The Kennedy Farm is a parcel of under 2 acre of land on the west side of Chestnut Grove Road, a few miles north of Harpers Ferry, West Virginia, in a rural part of southern Washington County, Maryland. It is part of a much larger farm property that was purchased in 1852 by Dr. Robert Kennedy. Kennedy took the small log cabin on the property, and mounted it on a tall (one-story in height) stone foundation, added a frame addition to one side, and covered both with a gabled roof. Kennedy died in 1858.

John Brown arrived in Maryland in 1859 and rented the house. For three months Brown and his co-conspirators lived here, pretending to be exploring mining opportunities.

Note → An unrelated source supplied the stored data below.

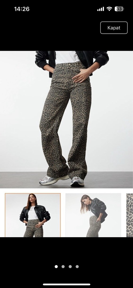 Kahverengi zebra desenli, midi boy, sentetik kumaştan yapılmış, günlük sokak stili için rahat kesim kadın jean
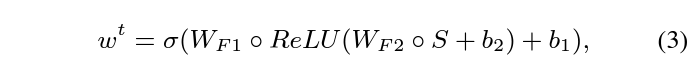 앞서 spatial modeling이 완성되었다면, 해당 feature에 대한 temporal modeling도 수행됩니다. 여기서도 결국은 temporal 정보를 고려한 attention score w를 만들어주는 것이 목적입니다. 우선 appearance feature만을 기준으로 설명드리면, I-frame으로부터 연속되는 K개의 프레임들을 고려해 temporal attention score를 만들어냅니다. 현재 보고있는 t번째 I-frame으로부터 K개의 프레임에 대한 appearance feature를 모두 concat해주고, average pooling을 거쳐 K차원의 attention score S를 만들어줍니다. 이후에는 아래 수식 3을 통해 w가 생성됩니다.
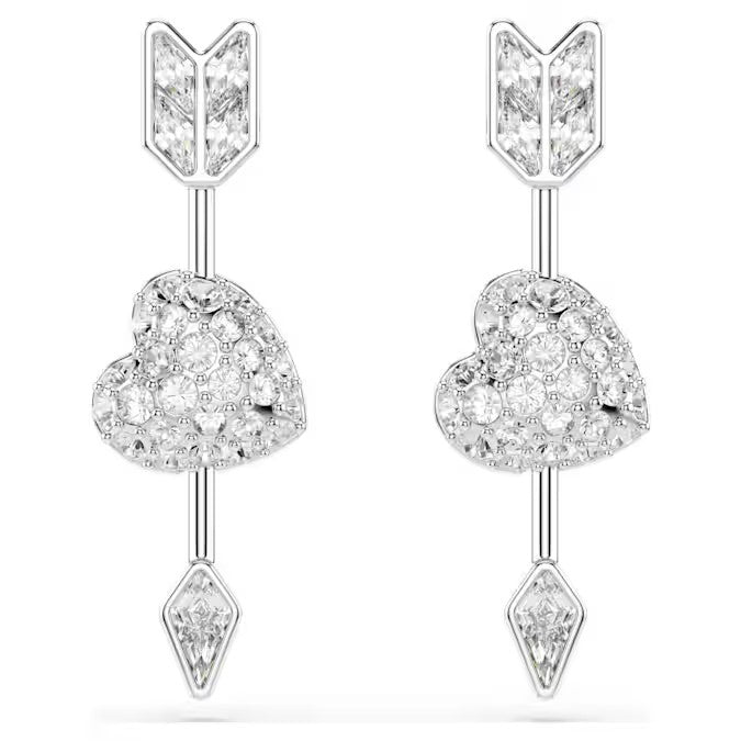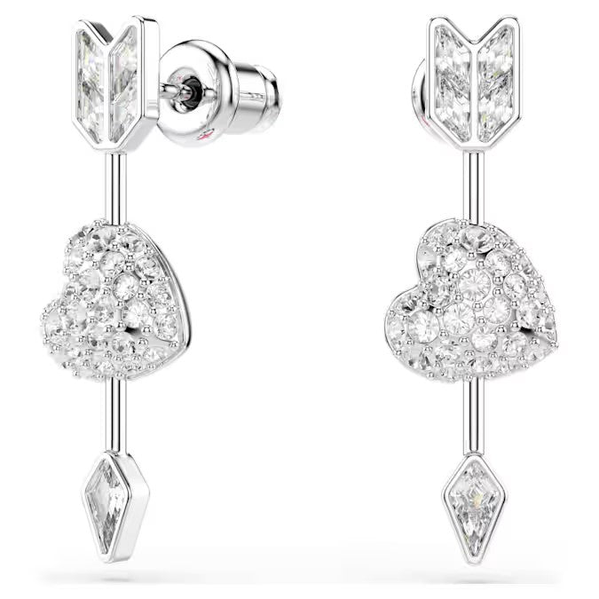 Cupid strikes twice in these expressive Idyllia earrings. Each rhodium plated piece features a love heart pierced by an arrow, with glittering clear crystals on one side, and a vivid pink colour on the other side. Reverse them as often as you like for versatile styling options.
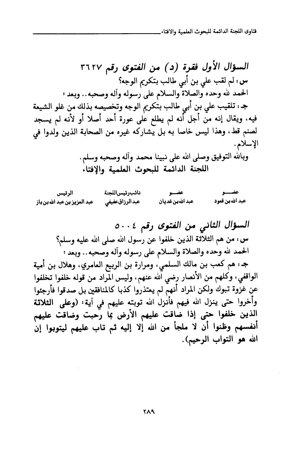 عبد الله بن قعود ... عبد الله بن غديان ... عبد الرزاق عفيفي ... عبد العزيز بن عبد الله بن باز

Supporters arrived, weapons arrived, and they planned an attack on the federal armory at Harpers Ferry in a bid to incite a slave rebellion.

Conditions at the Kennedy farmhouse, described as "flea-infested", were spartan. The men slept upstairs on the floor. Brown's daughter Anne and Martha, Oliver's wife, who were there doing cooking and serving as look-outs, until Brown sent them home to New York on September 30, slept on crudely stuffed mattresses. The wooden crates with weapons were covered and used for seats. Brown had to buy a stove in Harpers Ferry, as Anne failed at cooking potatoes in the fireplace.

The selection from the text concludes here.